WHAT IS NEEDED:
An exact copy of all the data is required, with pictures left out.

RECORDS PROVIDED:
# # # # #
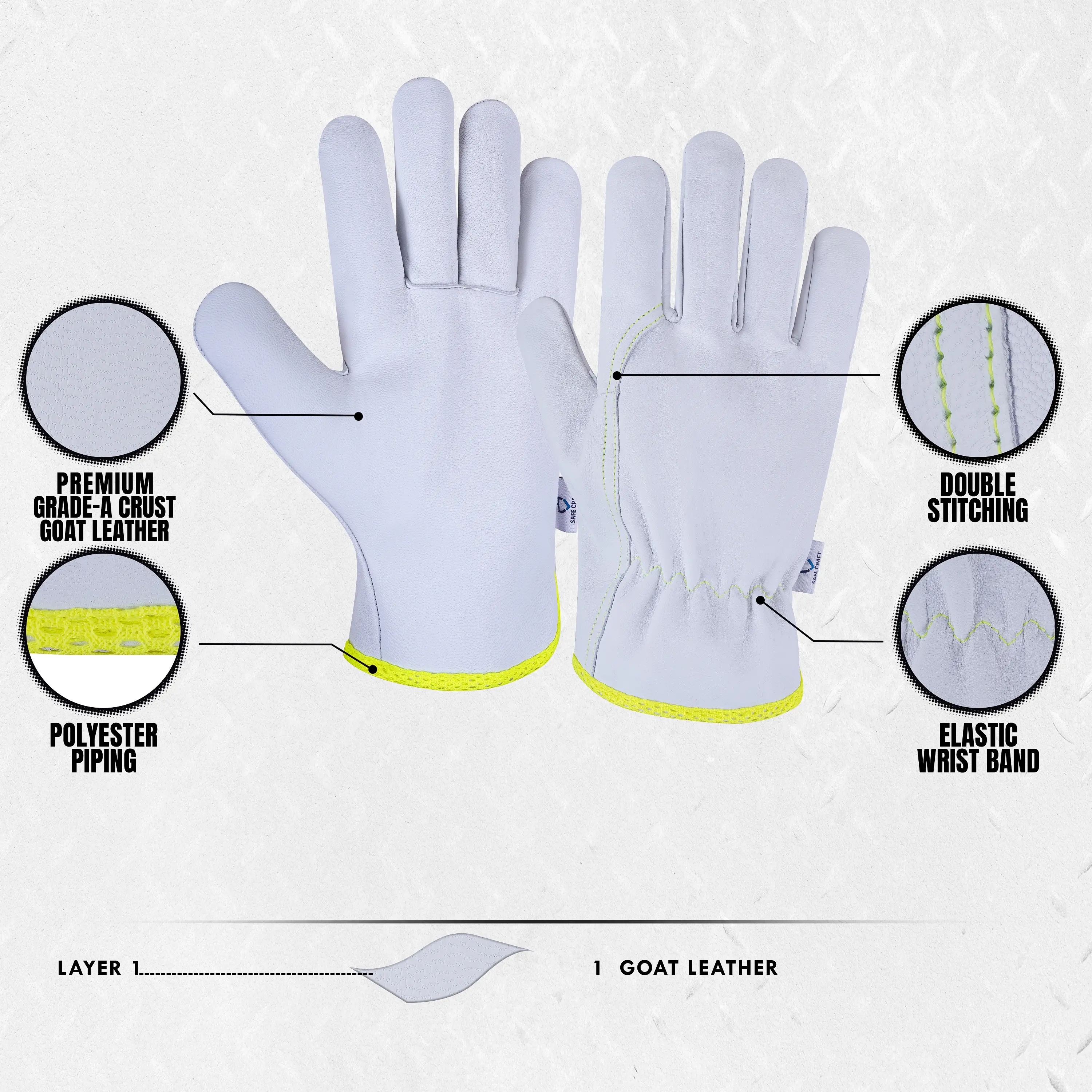 Designed for performance and comfort, these premium driver gloves offer superior dexterity and durability for all-day wear. Made from Grade-A crust goat leather, they provide a soft, flexible feel with excellent grip and control. The wing thumb design enhances movement and reduces hand fatigue, while the fluorescent yellow polyester piping adds a touch of visibility and style.
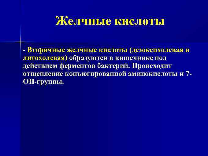 Желчные кислоты - Вторичные желчные кислоты (дезоксихолевая и литохолевая) образуются в кишечнике под действием ферментов бактерий. Происходит отщепление конъюгированной аминокислоты и 7 ОН-группы.
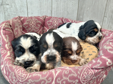 Disponibili A PRENOTAZIONE cuccioli di Cocker Spaniel maschi, nelle colorazioni bianco-nero, tricolore e tricolore cioccolato.
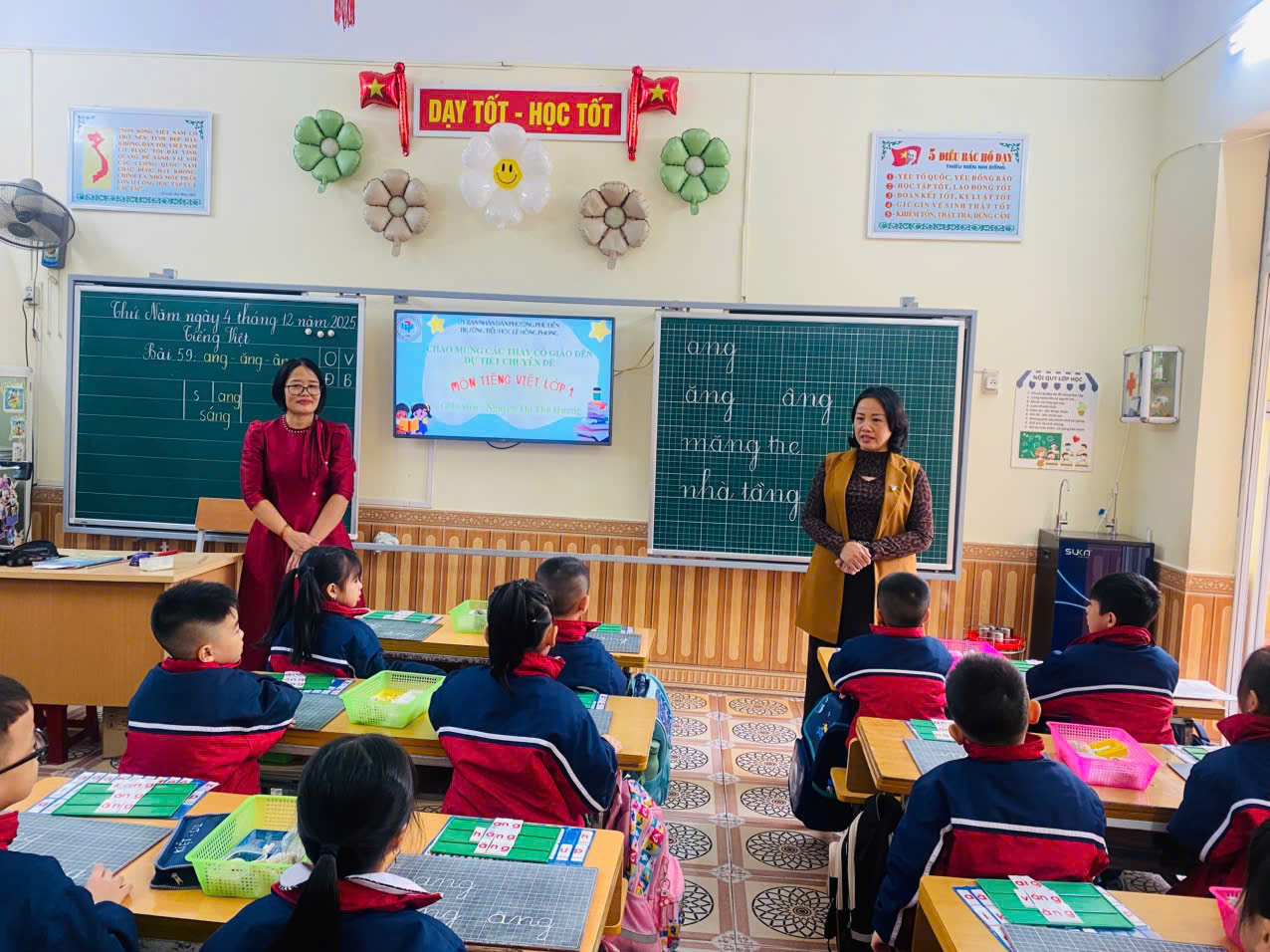 🌺 Sáng ngày 4/12/2025, tổ chuyên môn Khối 1 trường Tiểu học Lê Hồng Phong - phường Phù Liễn tổ chức Chuyên đề khối “Ứng dụng công nghệ AI trong tiết Tiếng Việt nhằm rèn kỹ năng đọc, viết cho học sinh lớp 1”. Thực hiện tiết dạy minh họa là cô giáo Nguyễn Thị Thu Hương và các em HS lớp 1A2 qua Bài 59: ang, ăng, âng (Tiết 1)
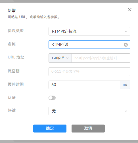 - “URL 地址” 输入 RTMP 推流端地址。如需解码直播平台的视频流,可从平台获取该视频的 RTMP 地址。
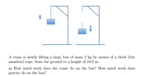- Participants explore the relationship between tension, gravity, and work done on the box. Questions arise regarding the conditions under which the box is lifted, including whether it is accelerating or moving at constant velocity. There is also a discussion about the implications of the crane's work compared to gravity's work.
# # # # #
SOLUTION TO THIS PROBLEM:
 Designed for performance and comfort, these premium driver gloves offer superior dexterity and durability for all-day wear. Made from Grade-A crust goat leather, they provide a soft, flexible feel with excellent grip and control. The wing thumb design enhances movement and reduces hand fatigue, while the fluorescent yellow polyester piping adds a touch of visibility and style.
 Желчные кислоты - Вторичные желчные кислоты (дезоксихолевая и литохолевая) образуются в кишечнике под действием ферментов бактерий. Происходит отщепление конъюгированной аминокислоты и 7 ОН-группы.
 Disponibili A PRENOTAZIONE cuccioli di Cocker Spaniel maschi, nelle colorazioni bianco-nero, tricolore e tricolore cioccolato.
 🌺 Sáng ngày 4/12/2025, tổ chuyên môn Khối 1 trường Tiểu học Lê Hồng Phong - phường Phù Liễn tổ chức Chuyên đề khối “Ứng dụng công nghệ AI trong tiết Tiếng Việt nhằm rèn kỹ năng đọc, viết cho học sinh lớp 1”. Thực hiện tiết dạy minh họa là cô giáo Nguyễn Thị Thu Hương và các em HS lớp 1A2 qua Bài 59: ang, ăng, âng (Tiết 1)
 - “URL 地址” 输入 RTMP 推流端地址。如需解码直播平台的视频流,可从平台获取该视频的 RTMP 地址。
- Participants explore the relationship between tension, gravity, and work done on the box. Questions arise regarding the conditions under which the box is lifted, including whether it is accelerating or moving at constant velocity. There is also a discussion about the implications of the crane's work compared to gravity's work.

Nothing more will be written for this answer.